Di ruang rapat Komisi I DPR, Senayan, suasana agak tegang. Anggota DPR dari Fraksi Gerindra, Endipat Wijaya, menyampaikan kritiknya langsung kepada Menkominfo Meutya Hafid. Intinya sederhana: kenapa informasi soal bantuan pemerintah untuk korban bencana di Aceh, Sumbar, dan Sumut sepi sekali?

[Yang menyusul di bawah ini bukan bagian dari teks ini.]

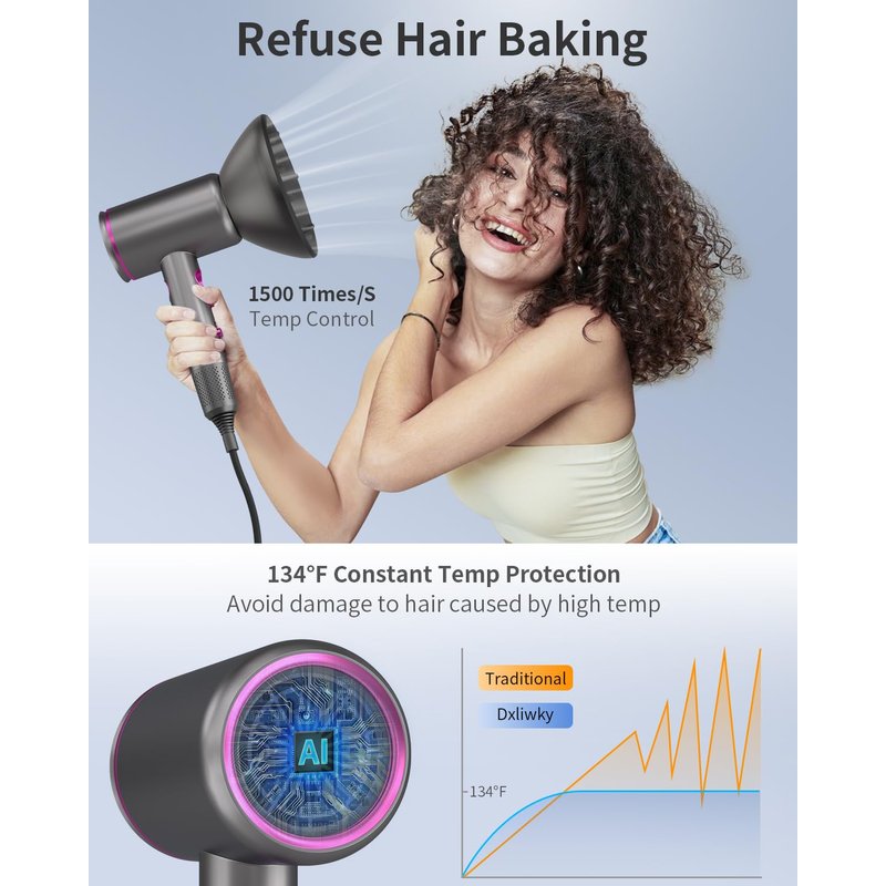 - ✅【1500 times/S Intelligent Temp Control 】The hair blower built-in intelligent temperature control processor, real-time monitoring (1500 times/S) and regulation of high temperature, When the temperature exceeds 134 ℉, it will automatically stop working to avoid overheating damage to your hair .

Padahal, bantuan negara itu nilainya luar biasa besar.
"Saya cuma ingin mencoba memberikan masukan kepada Komdigi dan ingin mendukung Komdigi ke depan bagaimana Komdigi ini bisa mengamplifikasi informasi-informasi strategis yang sudah dilakukan oleh pemerintah, Bu," ujar Endipat dalam rapat kerja itu, Senin lalu.
Menurutnya, ini bukan soal kerja pemerintah yang kurang. Justru, kerja itu sudah banyak. Masalahnya, publik nggak tahu. Dia ambil contoh nyata.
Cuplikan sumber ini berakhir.